Characterization of a Near-Complete Genome Sequence of a Chaphamaparvovirus from an Australian Boobook Owl (Ninox boobook).

This study reports a complete genome sequence of a variant of psittacine chaphamaparvovirus 2 detected in kidney tissue from an Australian boobook (Ninox boobook), compiled using next-generation sequencing. The genome was 4,312 bp long, encoding four open reading frames. The detection of this variant in boobook represents a significant host-switching event.

ANNOUNCEMENT

Chaphamaparvoviruses (ChPVs) are members of the family Parvoviridae and subfamily Hamaparvovirinae; they are nonenveloped, icosahedral viruses with a linear single-stranded DNA genome sequence of ~4.0 to 4.5 kb (1). They encode two genes: a nonstructural replicase gene (NS) and a capsid (VP) gene (2, 3). ChPVs are likely to be widespread in nature and have been detected in the feces of birds (4–6) and mammals (7); a ChPV causes renal disease in laboratory mice (8). Recently, two novel ChPVs (psittacine chaphamaparvovirus 1 and 2 [PsChPV-1 and PsChPV-2, respectively]) was detected in the liver of rainbow lorikeets (Trichoglossus moluccanus) (9) and fecal materials of Neophema birds (10) in Australia. Here, we report a near-complete genome sequence of a variant of PsChPV-2 (PsChPV-2v.1) detected in the kidney of an Australian boobook (Ninox boobook).

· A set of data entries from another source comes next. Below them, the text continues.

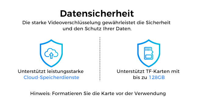 Durch fortschrittliche PIR-Sensoren PIR-Sensoren kann die Überwachungskamera Außenbereich menschliche Bewegungen erkennen, in Echtzeit Alarmbenachrichtigungen an das Mobiltelefon senden und Sirenenalarme aktivieren, um unerwünschte Besucher abzuschrecken. Ereignisse werden entweder auf einer Mini-TF-Karte mit bis zu 128 GB (nicht enthalten) aufgezeichnet oder verschlüsselt und sicher in der Cloud gespeichert.
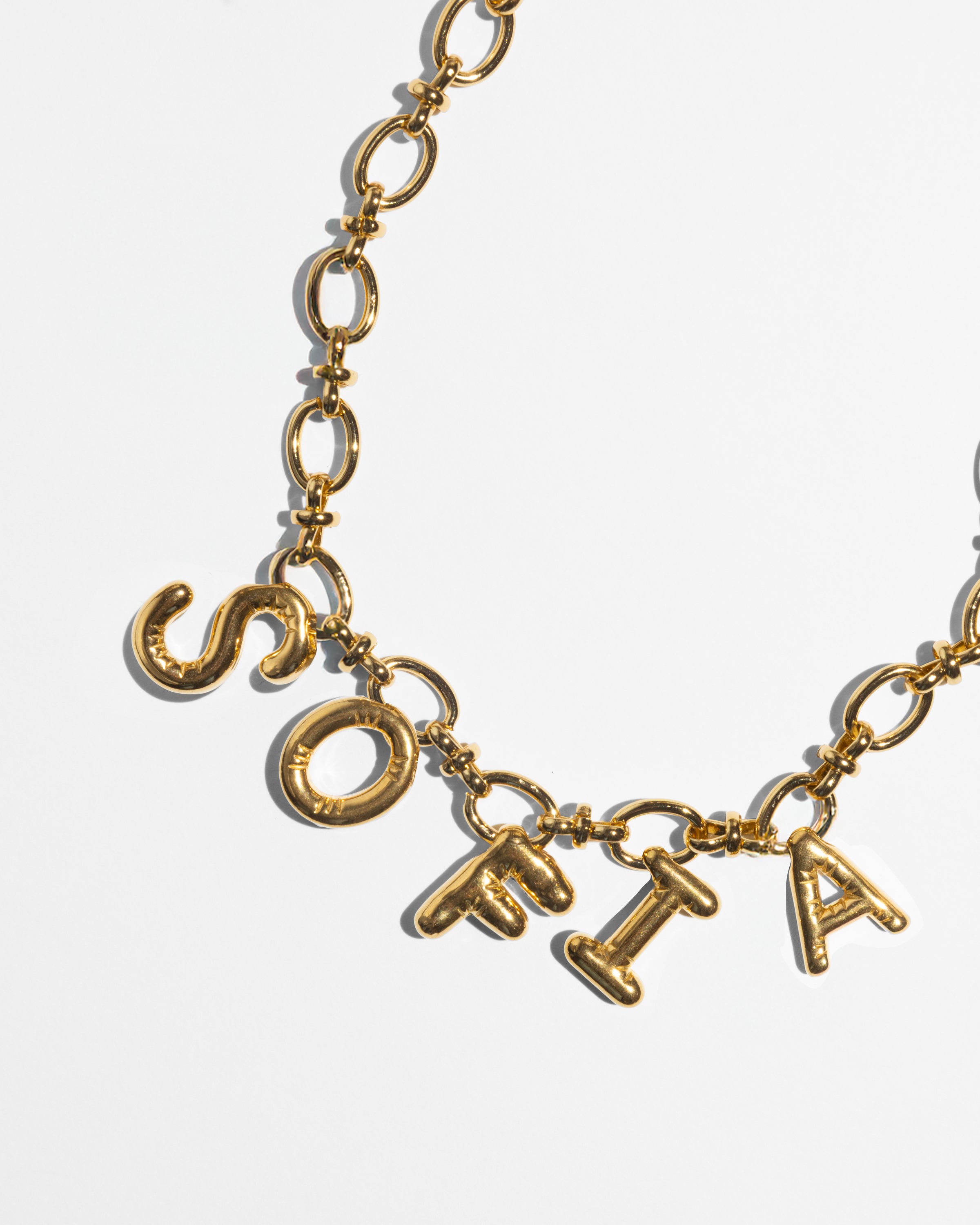 Carry your favorite word on our chain necklace. Choose initials, a word that means something to you, your name — anything you feel. As special as you!
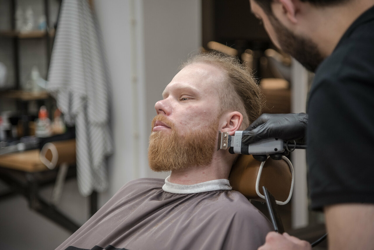 Стрижка бороды у старшего барбера
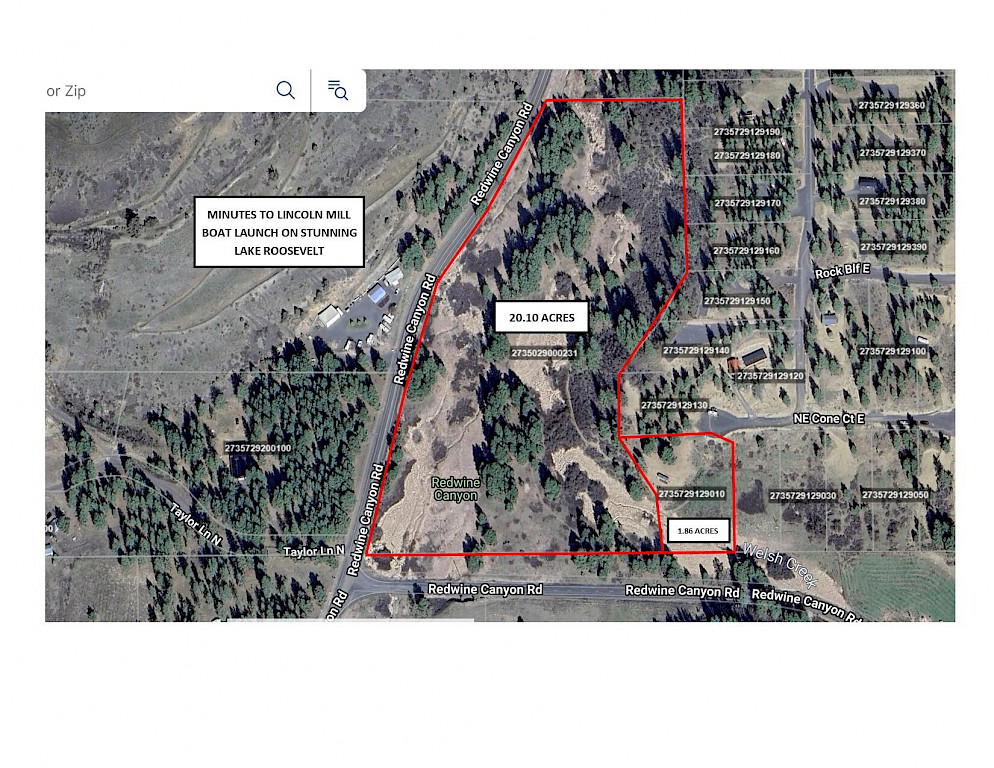 Roosevelt Lake Ranch Timbers Development 22 acres. 2 separate parcels; 1.86 acres lot situated at the end of the cul-de-sac and 20.10 acres of property behind that is treed, private and has a creek running through. Property is connected to the community water system and has power. Located just minutes to Lincoln Mill boat launch on stunning Lake Roosevelt. Come build your dream home and enjoy the lake.
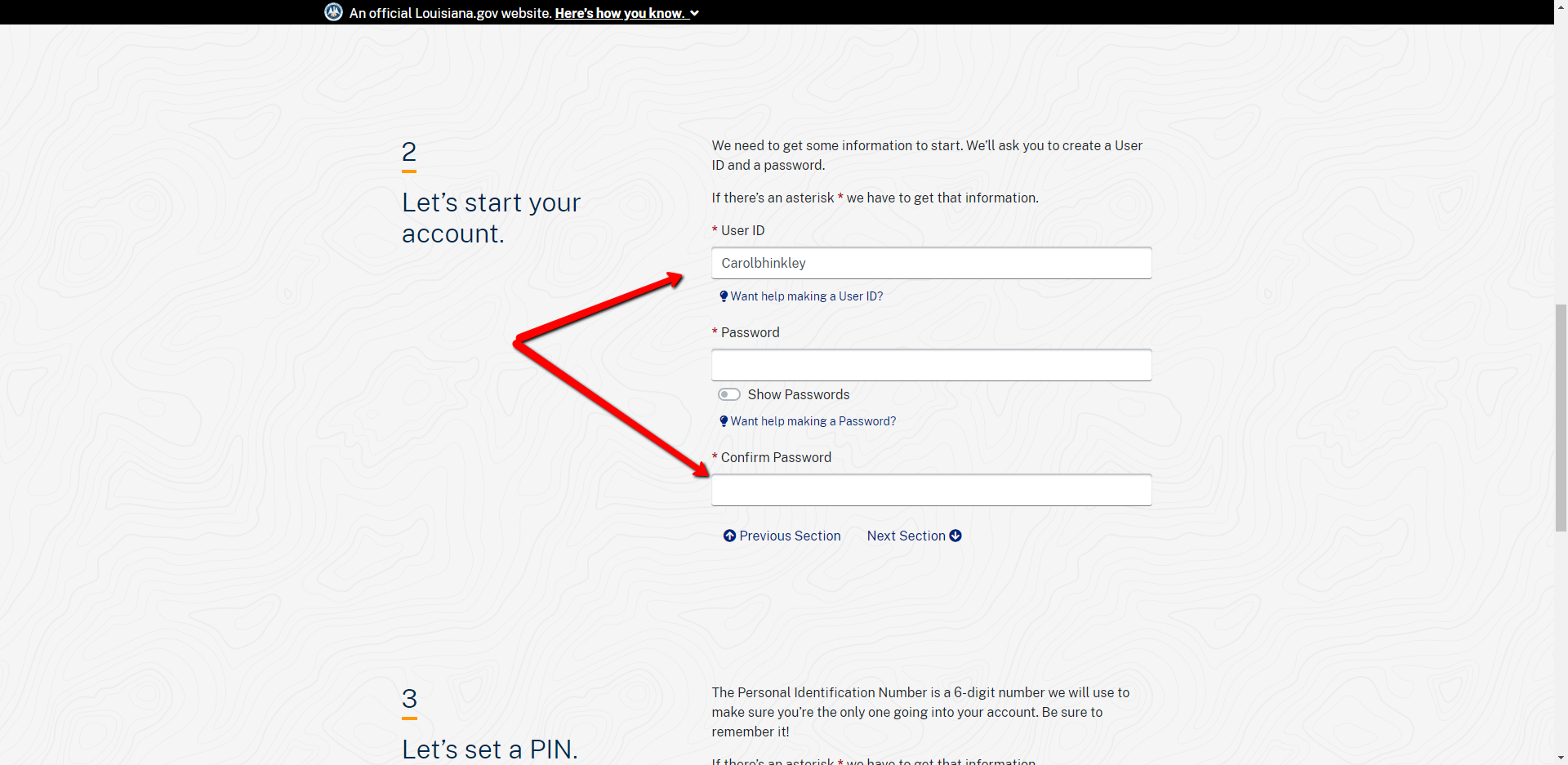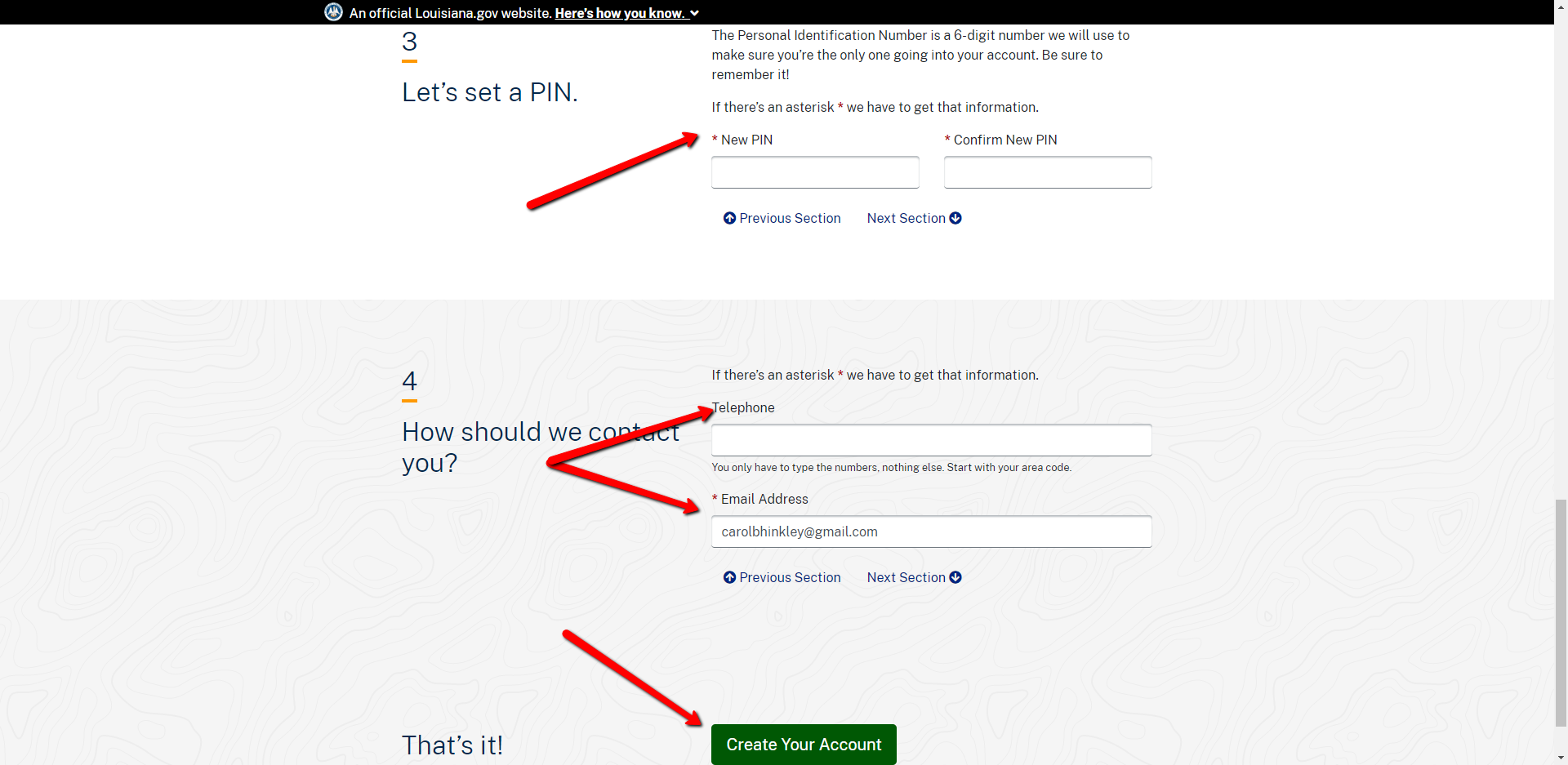 For help completing your My.La.gov account, please use the screenshots provided below.
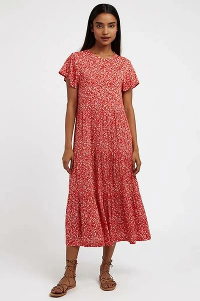 Louche Theoden Shrubbery Red Ditsy Floral Print Tiered Maxi Dress
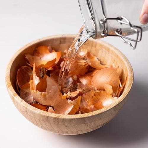 - Die Zwiebelschalen in eine große Schüssel mit Wasser geben und waschen.
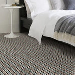 The stunning Dark and light tones come together beautifully in the unique pattern of the Quirky Margo Selby Shuttle Carpet. A show stopping art piece for your home. Make a statement in your bedroom, lounge, dining room or home office. Woven using British Wool it is completely made to order in 3.66m wide broadloom.
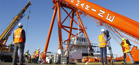 This week, two shore cranes will assist with the re-rigging, and unfolding of the RMG 500's A-frame.
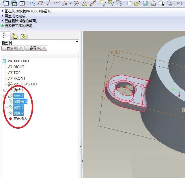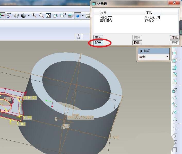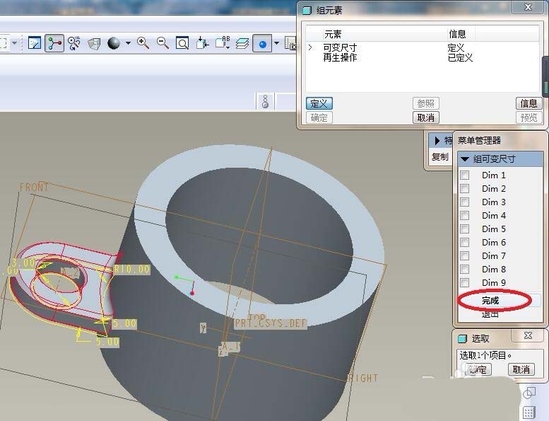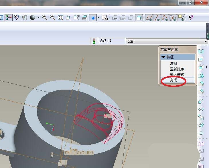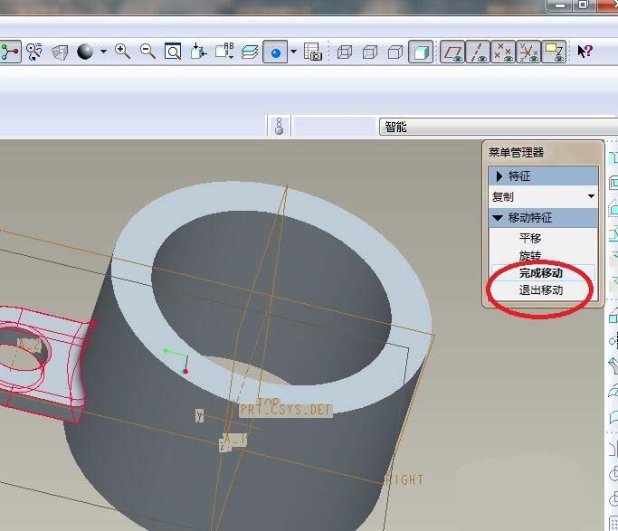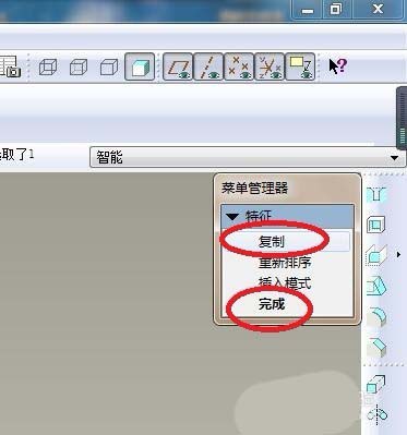 13、如下图所示,这个特征旋转移动成功了,菜单管理器回到了最开始的状态,我们可以点击“完成”。也可以继续点击“复制”,开始第二次的特征操作。
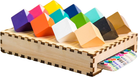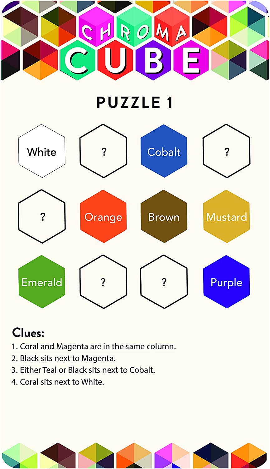 The 12 wooden cubes may look innocent enough while sitting in their display tray, but figuring out what cube belongs in which spot can be very challenging. Try to decipher the cryptic clues on any one of the 25 puzzle cards that accompanies this set to determine how the colors should be arranged. If you're stumped, don't worry! The answers to each puzzle are on the back of the card. (HINT: Have a friend check your answer if you don't want to spoil the fun.) Great logic game for kids of all ages - 8 to 108! It helps younger ones develop their reasoning skills while keeping older minds sharp.

Kidney tissue was collected from a dead boobook submitted to the Sydney School of Veterinary Science (34°0′10.61″S, 150°37′27.84″E), between December 2018 and April 2019. DNA was extracted using the PureLink genomic DNA minikit (Invitrogen, CA, USA). The library was prepared using an Illumina DNA prep kit (San Diego, CA, USA), starting with 250 ng DNA (6). The quality and quantity of the prepared library were assessed by the Australian Genome Research Facility (AGRF), Melbourne, Australia, and the library was sequenced using the Illumina NovaSeq sequencing platform, generating 150-bp paired-end reads.

The sequencing data were analyzed as per an established pipeline (11–14) using Geneious version 10.2.2 (Biomatters, New Zealand) and CLC Genomics Workbench version 9.5.4. Briefly, 37,770,262 raw reads were preprocessed to remove Illumina adapters, ambiguous base calls, and poor-quality reads (reads trimmed using a quality score limit of 0.05; ambiguous nucleotides up to 15 bp trimmed using CLC Genomics Workbench), followed by mapping against barn owl (Tyto alba) (15) and Escherichia coli (GenBank accession no. U00096) sequences to remove nonviral DNA. A total of 37,612,162 trimmed and unmapped reads were used as input data for the de novo default assembler in CLC Genomics Workbench version 9.5.4. This resulted in the generation of a linear 4,312-bp contig, identified as a PsChPV-2 genome, with an average coverage of 70.26×. Annotation of the assembled genome was performed using Geneious version 10.2.2. All software was used with default parameters except where stated.

The genome is 4,312 bp long, with a G+C content of 41.4%. Comparative analysis of the predicted open reading frames (ORFs) of PsChPV-2v.1 was conducted using BLASTX and BLASTP; the ORFs encoding the NS1 and VP1 proteins share 100% and 99.8% identity, respectively, with the corresponding proteins of previously isolated PsChPV-2 (GenBank accession no. MZ364297) (10). As in other parvoviruses, the complete NS1 gene of PsChPV-2v.1 was 671 amino acids (aa) long and encodes the helicase, including the conserved ATP- or GTP-binding Walker A loop (GPxNTGKT/S; 317GPSNTGKS324), Walker B (xxxWEE; 355IGVWEE360), Walker B′ (KQxxEGxxxxxPxK; 372KQVLEGMQTSIPIK385), and Walker C (PxxxTxN; 396PIIITSN402) amino acid motifs (conserved amino acids are indicated in bold). In addition, the NS1 protein contains two conserved replication initiator (endonuclease) motifs, xxHuHxxxx (IF108HVH110AMLQ) and YxxK (166YLMK169) (“u” indicates a hydrophobic residue).

This study highlights evidence of PsChPV-2 infection in kidney tissue from an Australian boobook. This expands the host range of PsChPV-2 to include an entirely unrelated species and suggests that at least some ChPVs may have a wide host range.

Data availability.

The complete parvovirus genome sequence from N. boobook and the data that support the findings of this study have been deposited at DDBJ/ENA/GenBank under the accession no. OL762454. The version described in this paper is the first version, OL762454.1. The raw sequencing data from this study have been deposited at the NCBI Sequence Read Archive (SRA) under the accession no. SRR17163735 (BioProject accession no. PRJNA787018).